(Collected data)
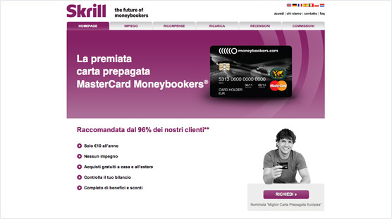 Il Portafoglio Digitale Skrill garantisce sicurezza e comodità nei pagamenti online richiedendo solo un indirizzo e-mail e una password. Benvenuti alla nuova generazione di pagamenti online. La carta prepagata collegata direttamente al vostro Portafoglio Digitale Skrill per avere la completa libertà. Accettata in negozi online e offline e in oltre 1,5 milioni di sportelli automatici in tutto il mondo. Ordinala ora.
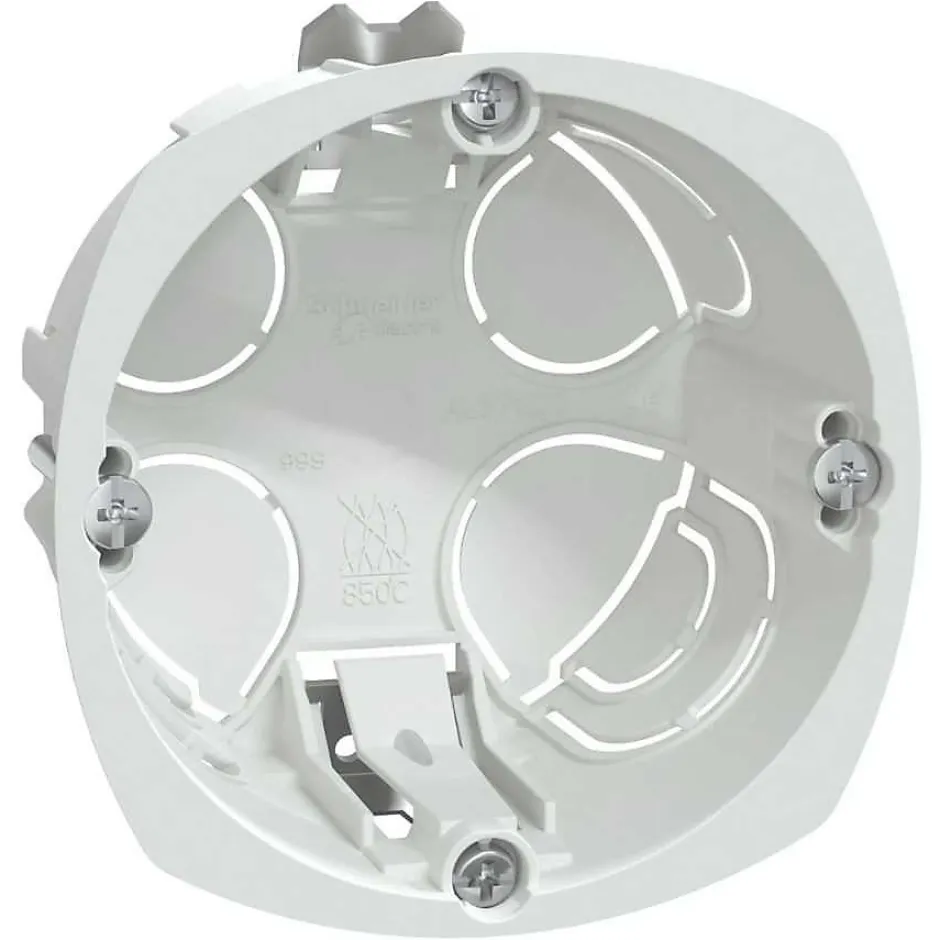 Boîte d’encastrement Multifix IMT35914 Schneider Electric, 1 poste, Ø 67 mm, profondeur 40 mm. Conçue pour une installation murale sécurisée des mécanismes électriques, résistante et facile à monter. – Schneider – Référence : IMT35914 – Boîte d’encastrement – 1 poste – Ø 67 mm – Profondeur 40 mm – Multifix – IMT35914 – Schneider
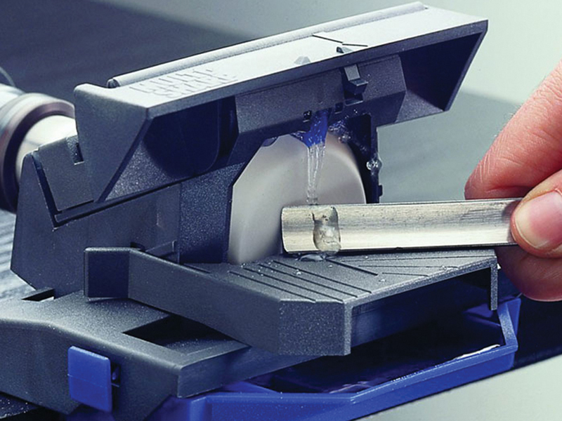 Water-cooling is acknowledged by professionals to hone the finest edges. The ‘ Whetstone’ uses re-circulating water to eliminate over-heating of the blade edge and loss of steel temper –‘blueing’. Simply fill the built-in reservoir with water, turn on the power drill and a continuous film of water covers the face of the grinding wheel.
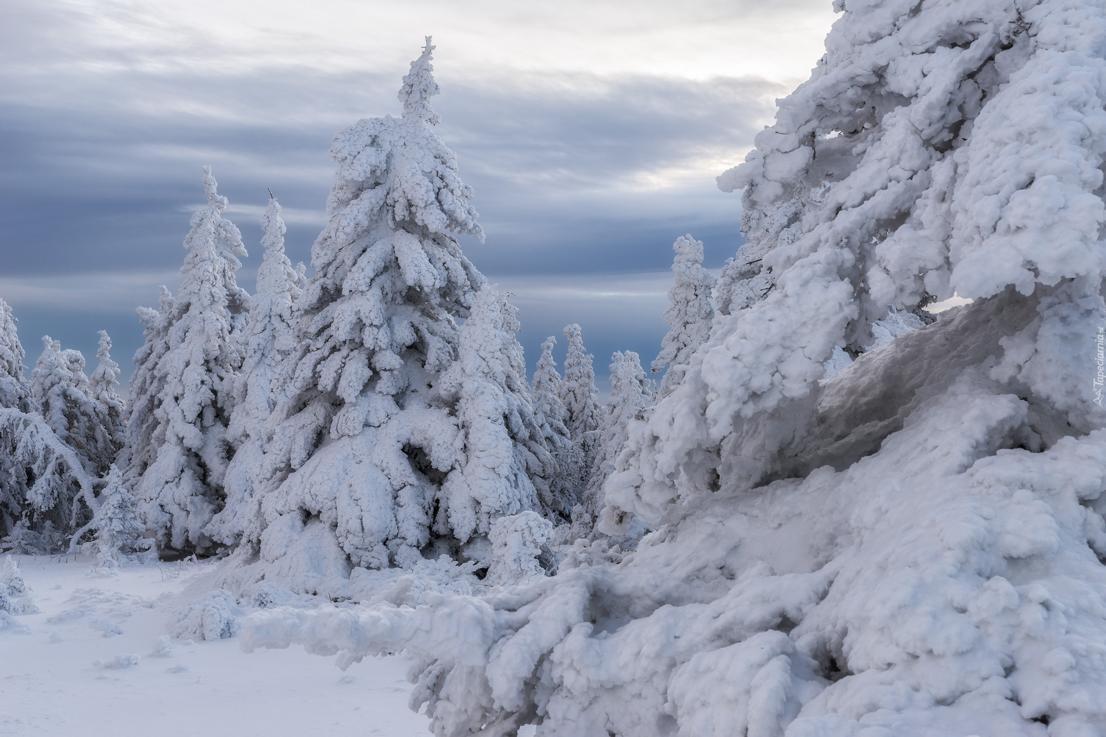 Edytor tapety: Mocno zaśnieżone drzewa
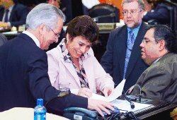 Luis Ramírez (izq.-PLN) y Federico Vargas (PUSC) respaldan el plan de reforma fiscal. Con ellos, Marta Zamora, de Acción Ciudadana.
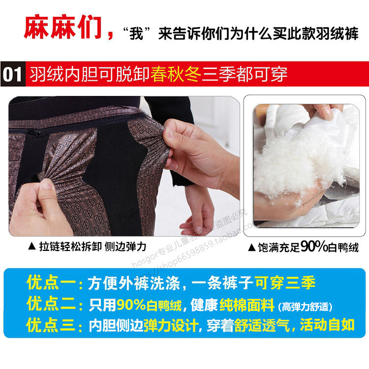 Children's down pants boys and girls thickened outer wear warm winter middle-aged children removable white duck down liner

Work to complete. The lines to reproduce run from the line containing "Boîte d’encastrement Multifix" through the last line of the records above, both included. Copy them exactly and drop the pictures.

Task response.
 Boîte d’encastrement Multifix IMT35914 Schneider Electric, 1 poste, Ø 67 mm, profondeur 40 mm. Conçue pour une installation murale sécurisée des mécanismes électriques, résistante et facile à monter. – Schneider – Référence : IMT35914 – Boîte d’encastrement – 1 poste – Ø 67 mm – Profondeur 40 mm – Multifix – IMT35914 – Schneider
 Water-cooling is acknowledged by professionals to hone the finest edges. The ‘ Whetstone’ uses re-circulating water to eliminate over-heating of the blade edge and loss of steel temper –‘blueing’. Simply fill the built-in reservoir with water, turn on the power drill and a continuous film of water covers the face of the grinding wheel.
 Edytor tapety: Mocno zaśnieżone drzewa
 Luis Ramírez (izq.-PLN) y Federico Vargas (PUSC) respaldan el plan de reforma fiscal. Con ellos, Marta Zamora, de Acción Ciudadana.
 Children's down pants boys and girls thickened outer wear warm winter middle-aged children removable white duck down liner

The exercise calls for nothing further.